Ferghane Azihari : La mentalité anti-capitaliste ne contribue en aucune façon au bien-être de l'humanité. Cette doctrine aurait dû être poussée vers les limbes de l'histoire au moment même où le Bloc de l'Est érigeait un rideau de fer pour dissimuler ses défaillances. Mais ainsi que l'avait remarqué Jean-François Revel, les socialistes excellent dans le révisionnisme, la diversion et la falsification de l'histoire. Leur domination médiatique et académique explique qu'ils aient gardé une certaine hégémonie culturelle en dépit de la fin de l'URSS. Toujours est-il que cette hégémonie entrave l'acculturation pleine et entière de nos sociétés aux principes qui ont forgé le succès de la civilisation occidentale. Même cette pandémie l'atteste paradoxalement. En dépit des difficultés auxquels nous sommes confrontés, les biens courants sont approvisionnés, les réseaux de communication fonctionnent. Notre système fait preuve d'une résilience dont nous pouvons être fier. Je me permets a contrario de noter que beaucoup de professionnels ont exprimé leur exaspération à l'égard des rigidités administratives ou des mesures autoritaires - comme la réquisition - qui ont saboté l'approvisionnement de masques ou de tests. S'il y a bien un système auquel il faut fixer des limites, c'est bien le dirigisme. Sur qui s'appuyer pour résoudre la crise actuelle ? Sur la multitude des entrepreneurs, chercheurs et innovateurs qui ont tout à perdre ou à gagner selon l'utilité de leurs contributions ? Ou à une poignée de hauts fonctionnaires et de politiciens qui rendent difficilement des comptes à la population ? 

Pierre Rigoulot : Mais l'URSS ne critiquait pas le discours capitaliste ! Elle condamnait de A à Z  le système économique capitaliste qui fonctionnait pourtant bien mieux que le sien, étatisé, lui, et planifié.

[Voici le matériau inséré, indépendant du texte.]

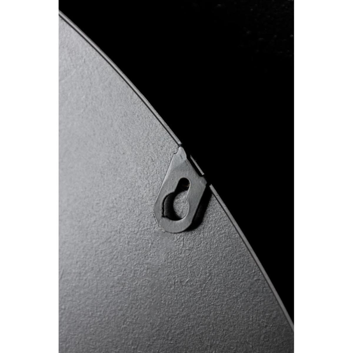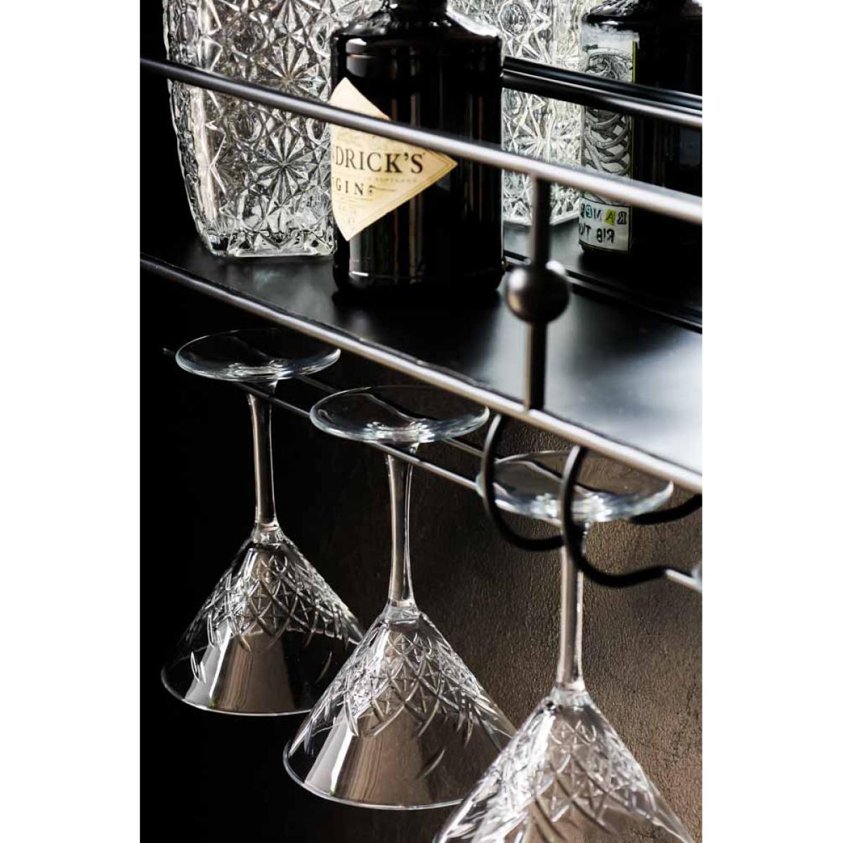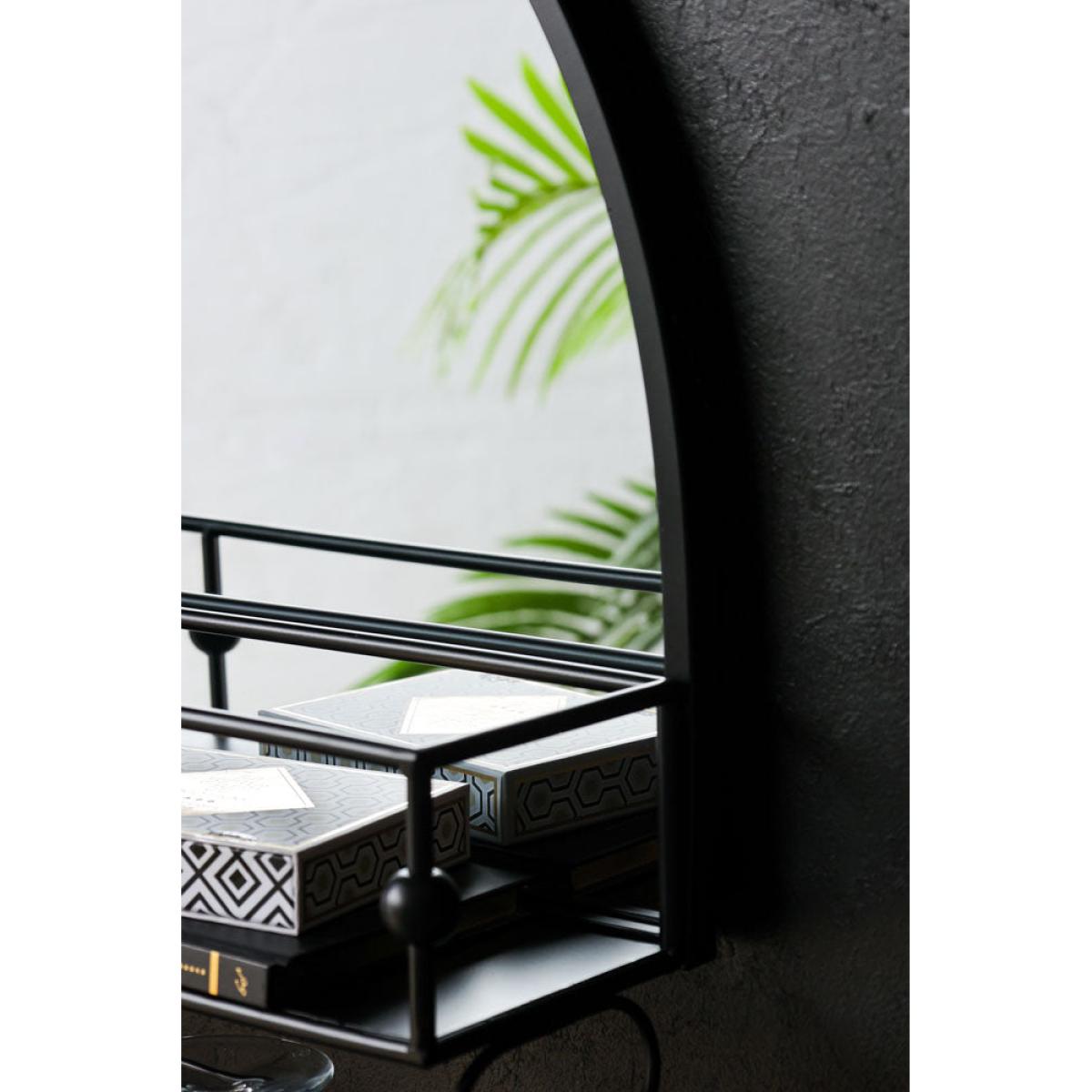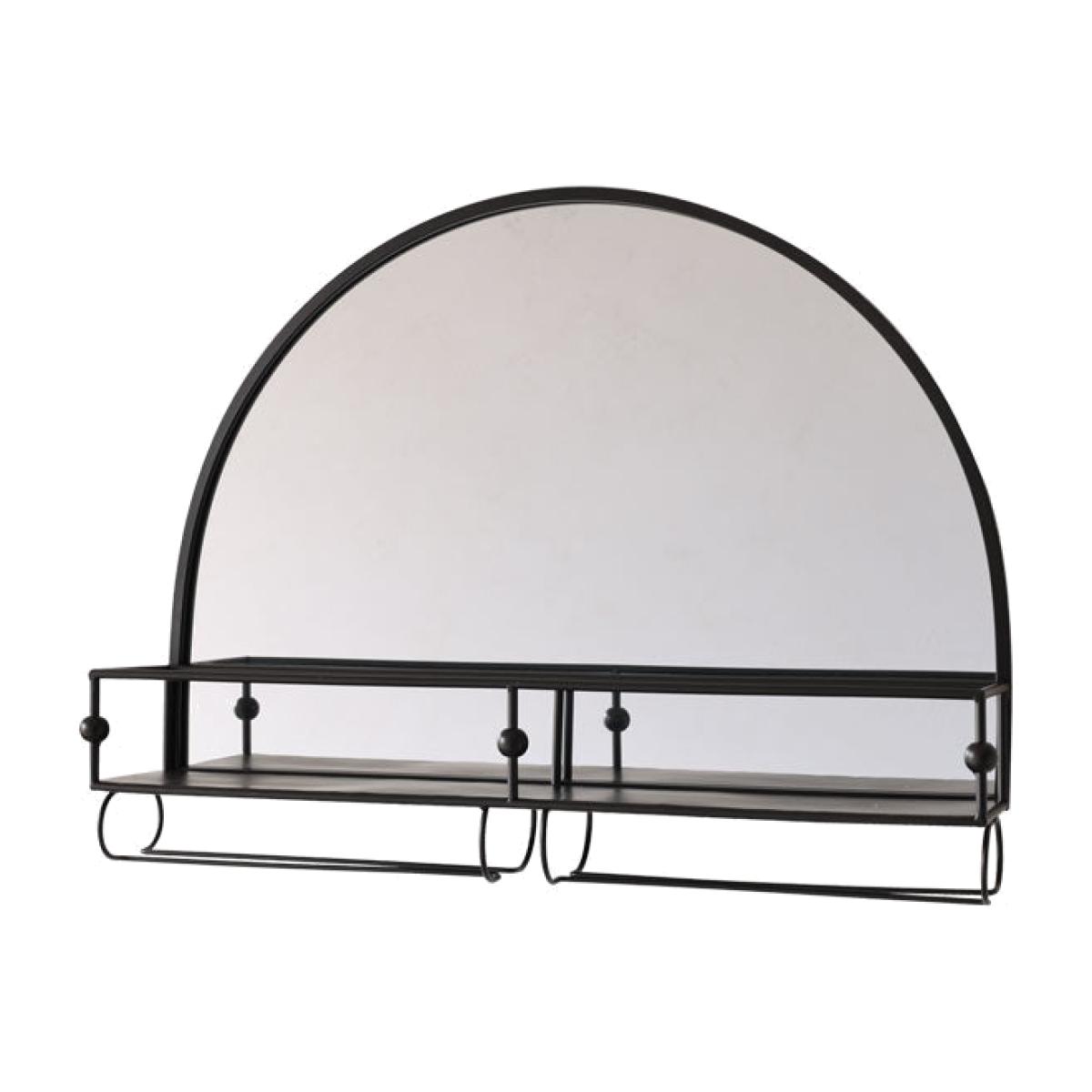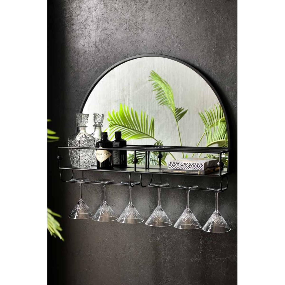 - Black semicircle wall mirror with shelf - Glass holders for six wine/cocktail glasses -Fixings on the back to hang on the wall, fittings to be sourced separately -Measures: 76.5cm x 16cm x 57.5cm- Clean with an eco-friendly glass cleaner and soft cloth

C'est au sein des démocraties libérales  qu'une critique de leur économie est possible ! Et comme l'URSS, les procureurs idéologiques hors sol n'e contribuent pas à penser les réformes qui s'imposent régulièrement dans le cadre de la réalité. Quant aux discours, dont on a vu qu'ils peuvent être très différents, l'URSS les voyait comme des étendards idéologiques justifiant la honteuse exploitation capitaliste. Elle était bien incapable, sauf sous forme de caricatures, de critiquer, c'est à dire de distinguer ce qui convenait et ce qui ne convenait pas. 

Finalement, les gens comme Lordon parlent comme des représentants de sectes millénaristes. La fin des temps est venue ! Paraît la Grande prostituée vêtue d'écarlate de l'Apocalypse ! Le Grand Soir où les premiers seront les derniers ! Ce faisant, ils n'aident en rien à améliorer une situation dans laquelle les responsabilités sont partagées. Oui, pour reprendre un thème présent sur toutes les lèvres, les masques manquaient au début de l'épidémie en France ! Mais quand on en achète trop, c'est un tollé et l'on dénonce une attitude dilapidatrice. Les faire fabriquer en Chine, c'était les payer moins cher qu'en les produisant ici et avec l'argent ainsi économisé, pouvoir faire face à toutes sortes de dépenses. On trouve scandaleuses les délocalisations et la désindustrialisation, mais elles permettent aussi d'économiser pour l'armée, les hôpitaux, ou pour boucher les trous de certains systèmes de retraite ! Il faudra mieux mesurer à l'avenir le danger stratégique que cela représente, j'en conviens, mais c'est un peu facile de voir seulement dans ces achats à bon marché à l'étranger une marque d'insouciance chez certains. La pression sociale ou syndicale, ça existe aussi ! Et il faut y faire face!